Les récits généalogiques constituent un genre stable. On repère celui-ci en Europe depuis l'Antiquité jusqu'à nos jours, mais on le trouve aussi sur d'autres continents. On en relève les pratiques exclusivement dans des milieux d'élites. Mais, ces trente dernières années, on en observe dans des populations plus modestes en Europe, au Canada et aux Etats-Unis. On trouve, en effet, selon les groupes d'appartenance, plusieurs catégories de récits généalogiques : les récits nobles écrits par des auteurs appartenant à des familles issues de la noblesse, les récits bourgeois rédigés par des auteurs issus de la bourgeoisie et enfin les récits attribués par exclusion des deux autres catégories à une classe définie par l'absence d'appartenance à des élites. Les récits qui font l'objet de notre doctorat appartiennent à la catégorie des récits bourgeois. Le genre généalogique ne peut, en aucun cas, être confondu avec le genre historique, même s'il lui emprunte certaines de ses méthodes d'investigation et d'exposé.

L'histoire européenne du genre retient que traditionnellement les individus portés à produire des généalogies appartiennent à des élites dans lesquelles on trouve des individus ayant eu un rôle dans l'histoire ou étant candidats à un tel rôle. En effet, Georges Duby fait l'hypothèse qu'une conscience généalogique naît dans une couche sociale, au moment où les richesses et les pouvoirs de celle-ci ont commencé à être autonomes et à devenir héréditaires 10 . Aujourd'hui, la mobilisation en masse vers la généalogie de populations n'appartenant pas à de telles élites interroge les historiens. Assiste-t-on à un mouvement de démocratisation des pratiques généalogiques ? Le débat est en cours. Nous exposerons les hypothèses des historiens, des sociologues et des ethnologues concernant cette question. Les travaux sont encore parcellaires et ne permettent pas de déterminer encore le sens de l'histoire. Nous souhaitons contribuer, nous aussi, au débat. Notre intention est donc d'ancrer nos questions dans celles que se sont posées les chercheurs concernés par les nouvelles populations 11 .

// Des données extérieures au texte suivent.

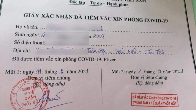 Ngày 13/9, mạng xã hội xuất hiện thông tin một bé gái tên P.K.T. (13 tuổi, ngụ phường Tân Lộc, quận Thốt Nốt, TP Cần Thơ) được tiêm 2 mũi vắc xin Pfizer vào các ngày 11/8 và 4/9, điểm tiêm là Trung tâm Y tế quận Thốt Nốt.

Nous allons indiquer ces questions et montrer en quoi l'analyse de notre corpus peut contribuer à mieux comprendre les conditions à partir desquelles une conscience généalogique émerge et se maintient chez un individu, dans une famille et dans un groupe d'appartenance. Nous avons identifié quatre problématiques. Elles portent sur l'identité des auteurs de généalogies, la pente sociale intergénérationnelle sur laquelle ils se trouvent placés, l'impact de leur déracinement sur la prise de conscience de leur héritage généalogique et enfin, leurs devoirs de mémoire vis-à-vis de leurs ancêtres et leurs attentes concernant leurs descendants.

Notes
9.

. BURGUIERE André (1991), art. cit., pp. 771-788 ; et (1992), opus cit., pp. 18-51.

10.

. DUBY Georges (1979), La société chevaleresque : hommes et structures du Moyen Age, p. 165.

11.

. La comparaison ne satisfera pas entièrement à nos exigences, car les études effectuées sur ces nouvelles populations ne différencient que très rarement les concepts de récit généalogique et de généalogie.